Now, with Major League Baseball likely taking all five of them after they leave Omaha, they have more than a fighter’s chance at winning the coveted NCAA trophy that head coach Andy Lopez promises recruiting classes they will have a chance to earn, should they choose to come to become Wildcats.

Arizona’s “Fab 5” stepped on campus after a somewhat of a lost year for both Lopez and the Wildcats program. The 2009 group, which Lopez calls a “lot of knuckleheads,” did not want to participate in class or on the field.

Enter this group, and almost immediately, the team was improved. Heyer was the opening night starter for Arizona as a true freshman, an 8-1 win in which Heyer struck out 13, hinting that something special was brewing.

Thirty-one wins later, the group of superfrosh had all started at least 53 of a possible 58 games, and Heyer had the lowest ERA on the team, at 3.26 in 16 starts.

“Every team that comes here wants to win, but they don’t know how to win,” Heyer said.

Despite the dawn of a new era of accountability and pride for Arizona baseball, Mejia and Lopez still describe themselves as a postseason team that was “spitting oil,” and not playing to their potential when the Fort Worth, Texas NCAA regional began.

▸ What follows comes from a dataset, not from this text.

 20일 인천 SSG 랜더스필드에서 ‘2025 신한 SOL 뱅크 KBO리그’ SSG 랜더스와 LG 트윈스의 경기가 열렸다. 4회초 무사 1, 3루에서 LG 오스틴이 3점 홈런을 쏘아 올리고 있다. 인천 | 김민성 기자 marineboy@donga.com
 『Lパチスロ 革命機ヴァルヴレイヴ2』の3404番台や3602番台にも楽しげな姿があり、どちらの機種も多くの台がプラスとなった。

Arizona sputtered, leaked, and lost to Baylor in its final game of the season.

“Real bumpy road freshman year,” Refsnyder said. “I think we had the talent, but the chemistry wasn’t there.”

The next year, certainly, they’d be better, riding the success of their newfound experience and a rejuvenated head coach. Instead, they ended up falling in the same fashion, losing to Texas A&M in the College Station regional championship 3-0, denying them a chance to even make it to a super regional.

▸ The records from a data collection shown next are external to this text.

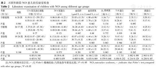 注:NCS:胡桃夹综合征;-:行Fisher′s检验或无法计算P值;与其他各年龄组比较,aP<0.05;与同年龄段的血尿+蛋白尿组、孤立性蛋白尿组比较,bP<0.05;与同年龄段的孤立性血尿、孤立性蛋白尿组比较,cP<0.05 NCS:nutcracker syndrome;-:indicatesFisher′s test or unable to calculate P value,compared with other age groups,aP<0.05;compared with the same age group of hematuria albuminuria group and solitary proteinuria group,bP<0.05;compared with isolated hematuria and isolated proteinuria of the same age group,cP<0.05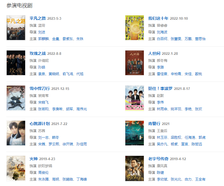代表作品:夜幕下的哈爾濱、下南洋、新永不瞑目、蘇三、男人幫、運(yùn)動(dòng)肥俠、下班抓緊談戀愛、老嚴(yán)有女不愁嫁、喋血孤島、閨蜜嫁到、老字號(hào)傳奇、火神、暗刃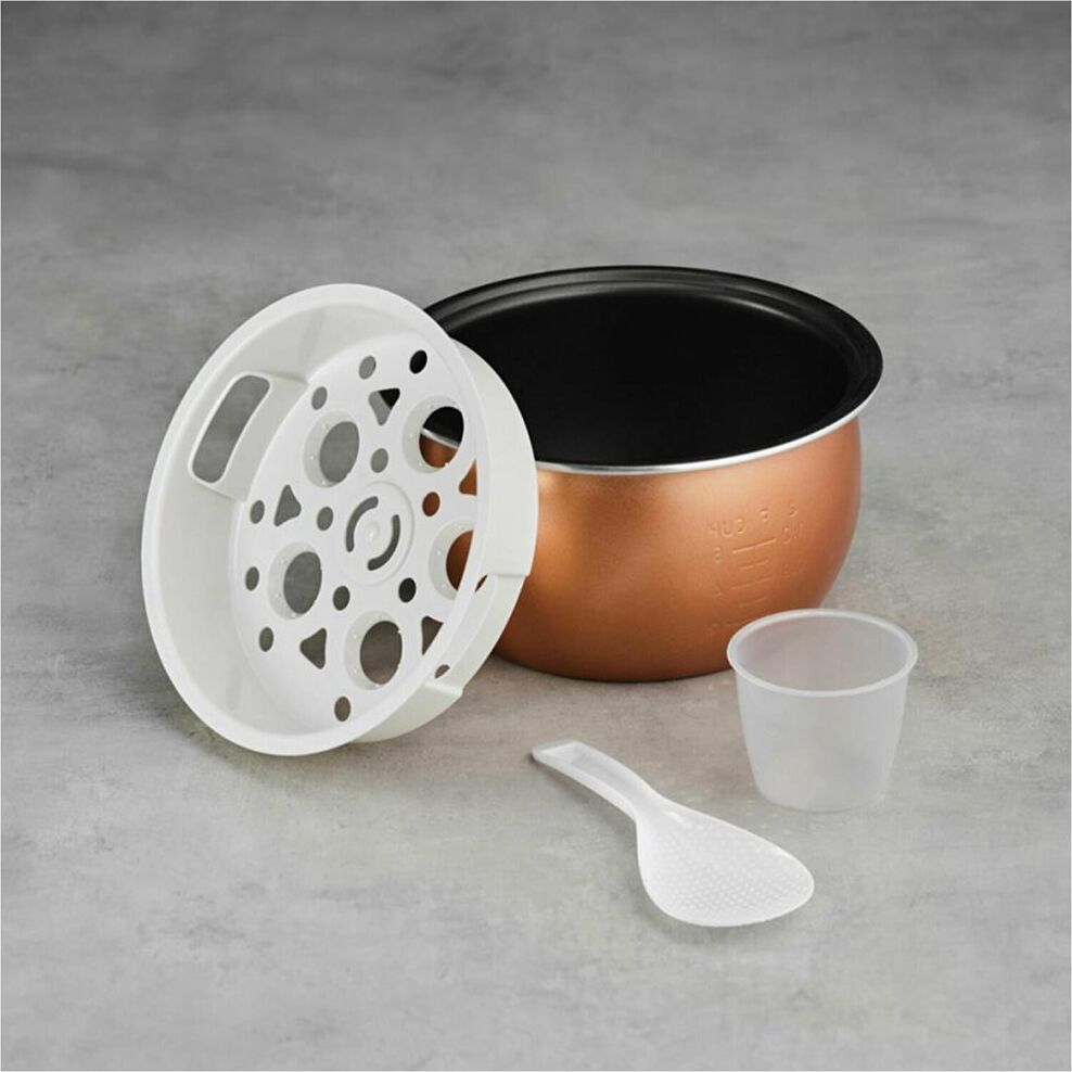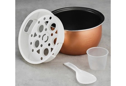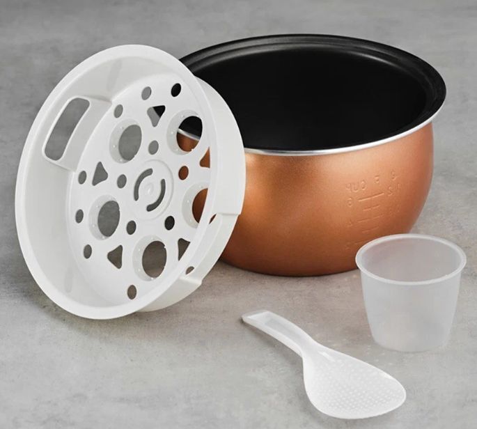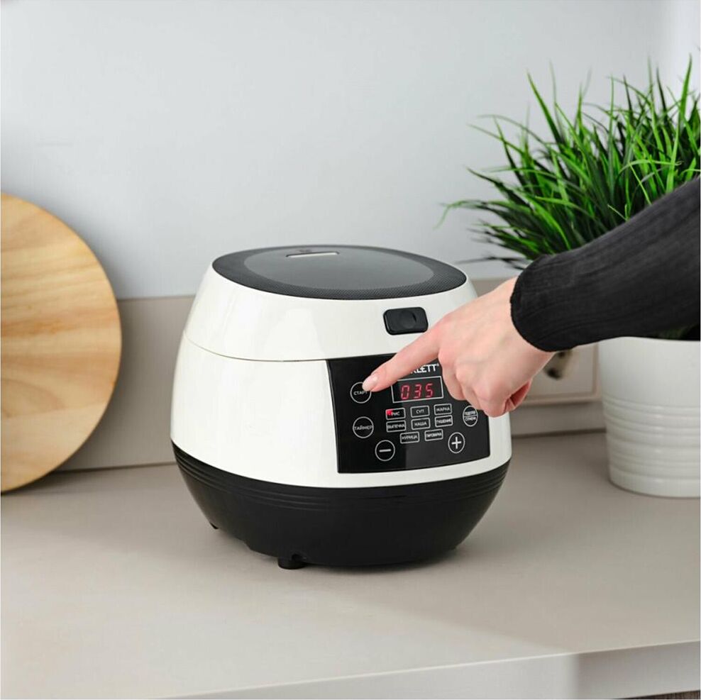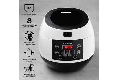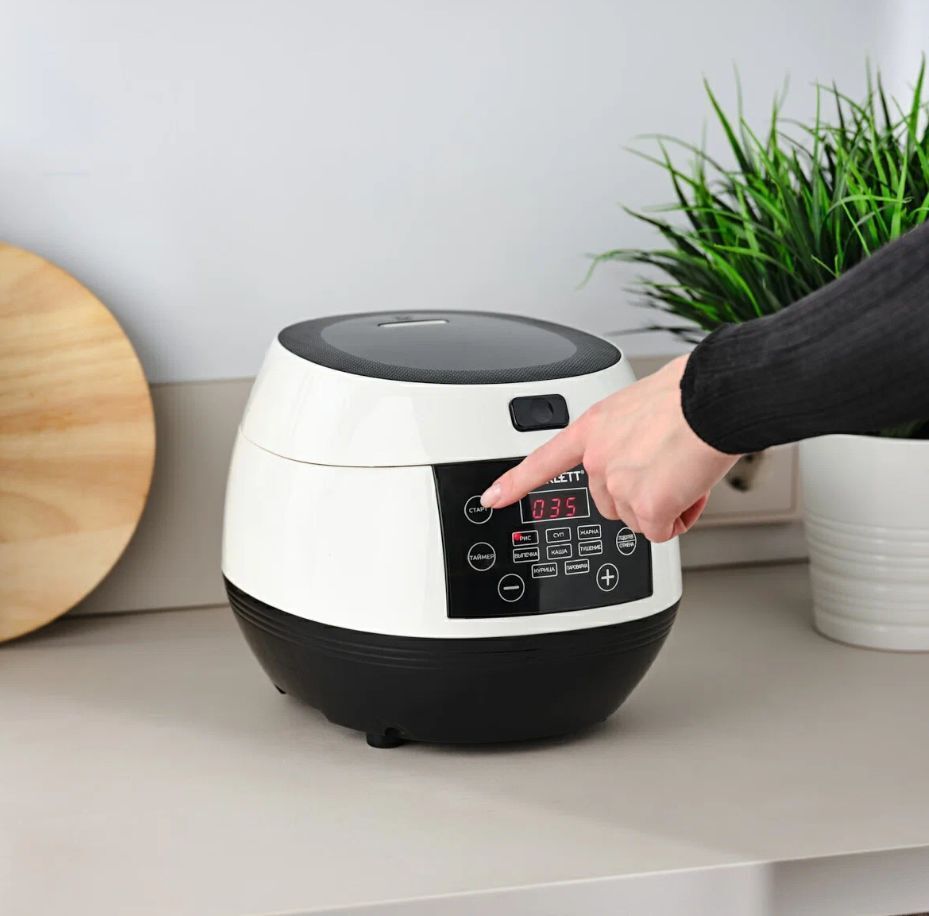 11 самых необходимых программ. Чаша с 2-х слойным антипригарным покрытием и стальной корпус из собственной марки стали Steel Tech. Зеленая подсветка экрана - комфортная для глаз и более заметная в темноте. Мощность, Вт: 900. Количество программ: 11. Функция подогрева: Да. Съёмная чаша: Чаша с 2х-слойным антипригарным покрытием, внутри - выгравированная шкала. Объем чаши, л: 5. Книга рецептов на русском языке: Да. Аксессуары в комплекте: Ложка для перемешивания, мерный стакан, емкость для приготовления на пару. Длина электрошнура, м: 1.2. Особенности модели: – Встроенный клапан выхода пара. – Отсрочка старта - 24 часа. – Программа Подогрев – 24 часа. – Функция Отмена программы. – Изменение времени программы.

Two chances, and two failures for the quintet. Time was running out to get to Omaha, as at least some of the group had played well enough to be selected in this year’s MLB Draft.

As juniors, they were the best and most consistent players on the team. Lopez’s heralded junior class had the necessary gumption and skill to make it to Omaha, and after a move from Frank Sancet Stadium to the city-owned Hi Corbett Field, the Wildcats won 36 games and the chance to host their first ever NCAA regional.

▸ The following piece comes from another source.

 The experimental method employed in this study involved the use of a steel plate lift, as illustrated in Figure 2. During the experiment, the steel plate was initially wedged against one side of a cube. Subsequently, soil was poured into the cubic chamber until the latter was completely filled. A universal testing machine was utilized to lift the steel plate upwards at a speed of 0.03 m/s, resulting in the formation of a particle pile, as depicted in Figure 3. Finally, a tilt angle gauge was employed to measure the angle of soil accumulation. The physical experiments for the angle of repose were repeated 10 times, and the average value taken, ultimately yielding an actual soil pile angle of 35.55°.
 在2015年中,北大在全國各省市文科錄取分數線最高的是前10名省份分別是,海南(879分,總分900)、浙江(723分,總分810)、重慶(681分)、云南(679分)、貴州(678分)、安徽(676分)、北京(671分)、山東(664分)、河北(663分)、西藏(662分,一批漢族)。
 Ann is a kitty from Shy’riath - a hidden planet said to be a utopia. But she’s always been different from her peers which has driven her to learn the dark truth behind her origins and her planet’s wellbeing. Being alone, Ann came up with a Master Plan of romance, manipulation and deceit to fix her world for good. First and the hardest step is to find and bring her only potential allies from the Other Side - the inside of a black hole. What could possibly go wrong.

“It’s been an easy group to work with,” Lopez said. “They really have. I think the biggest thing, and it sounds crazy, we moved to Hi Corbett. We got a chance to host.”

The Wildcats, led by hitting from their junior class, and a defense spearheaded by defensive playmakers Pac-12 Player of the Year Mejia and third baseman Mejias-Brean, Arizona crushed regional competition by a total score of 47-10, putting themselves in a position to host the first super regional in Arizona baseball history.

After disposing of St. John’s in a super regional sweep, the Wildcats and the not-so-young Wildcats found themselves in TD Ameritrade Park in Omaha, where Lopez promised they’d be if they followed his two rules: “Be on time, and do the right things,” Lopez said. “That’s it.”

“What they’ve accomplished, and they’re not done yet, I hope, but what they’ve gotten done is up to this point is basically what we strive for every day,” Lopez said.

The juniors, who all entered Omaha with jaw-dropping batting averages over .300 after five postseason games took their time disposing of Florida State, defeating them 4-3 in 12 innings, thanks to Heyer, who pitched 9.1 innings in the game but was not a factor in the decision.

Sophomore starter Konner Wade shutout UCLA on Tuesday, but not without the help of three of the total four runs scored by Refsnyder, Mejias-Brean and Mejia. The Seminoles forced a second game with Arizona after eliminating UCLA, but – to put it nicely – the Wildcats ended that one quickly, scoring six runs in the first inning and four in the fourth to eliminate Florida State Thursday afternoon, 10-3.

Now, here they are. Promises from Lopez kept, potential from five players realized and two wins away from a national title.

“Having the experience of losing and feeling what it feels like to go back on a charter plane and nobody talks, it’s a depressing feeling,” Refsnyder said. “I think we’re on a mission this year, myself and Kurt and the other juniors to really get the College World Series and now we’re in a position to win a national title.”